I think about death a lot.

There is a point in every child’s life where they come up against the truth of mortality: perhaps they lose a family member, or they see an animal die. It’s formative, necessary even, to the development and understanding of a person as they age– that knowledge that everything is temporary. But I cannot remember a time in my life where I wasn’t acutely aware of death. Even before I tangibly encountered it, I knew what it was– who she was. I’ve never feared death; rather, I’ve always found myself somewhat fascinated by it, evident in everything from my reading and writing preferences to the way I’m forever identifying with fictional personifications of it, either male or female (my favourite to date have been Neil Gaiman’s Death from Sandman and a friend’s interpretation in a recent theatrical production of Everyman, in case you were wondering). This preoccupation with the subject has over the years become a close acquaintance with the lady herself, which brings me back to October, and into the subject of pain.

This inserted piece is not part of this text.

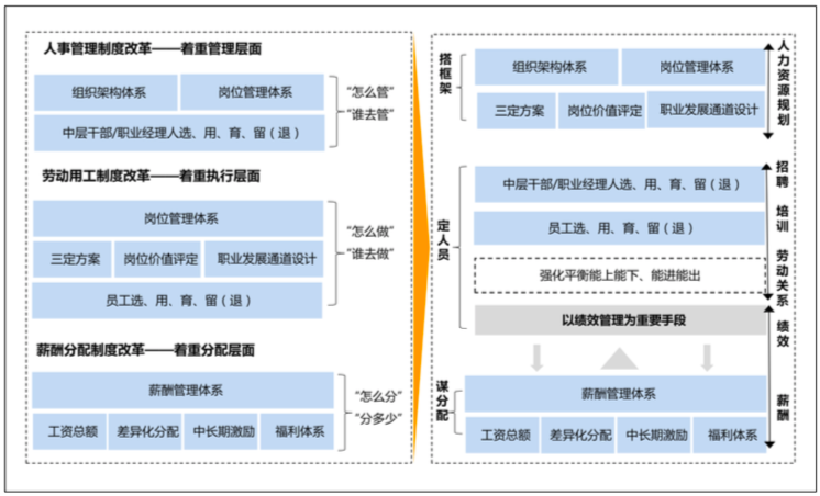通过人力资源管理的六大模块,我们将三项制度改革的相关内容进行解构,以人力资源管理的逻辑对三项制度改革进行二次解读,使三项制度改革的逻辑更加清晰。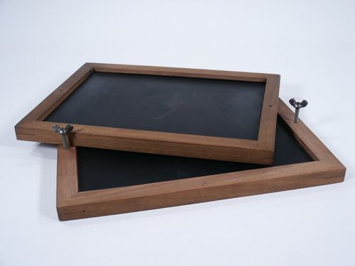 This is a very special mechanical set of slates which may be examined. When slates are placed together and secured with bolts and wing nuts the performer may take slates in hand and with little effort be able to glimpse at what is written on inside slate surface. Other methods of use will come to mind for this diabolical set of slates. The slates are of walnut wood and measure 10 1/2" x 7 3/4" x 5/8" thick. Illustrated instructions for the working of the mechanics. Condition very fine. | |

Pain reminds me somewhat of a child, not entirely without sympathy: he remains to sit with those left behind once Death has moved on. You will find him there, by the coffin, the closed door, the empty closet, his grey dog Grief lying unleashed and close at his heels. October, death, and pain have come hand-in-hand this year more than ever, and I’ve spent a lot of time searching for a way to express it all in words. Not a day into the month and I found myself finally ending a long, tumultuous, complicated, abusive relationship with my father. The day after that, a relationship was ended with me.

In his book The Problem of Pain, C. S. Lewis discusses the fact that there is no “unimaginable sum of human misery,” saying that “there is no such thing as a sum of suffering, for no one suffers it. When we have reached the maximum that a single person can suffer, we have, no doubt, reached something very horrible, but we have reached all the suffering there ever can be in the universe.”

Why then do I feel like I’m bearing the pain of three people?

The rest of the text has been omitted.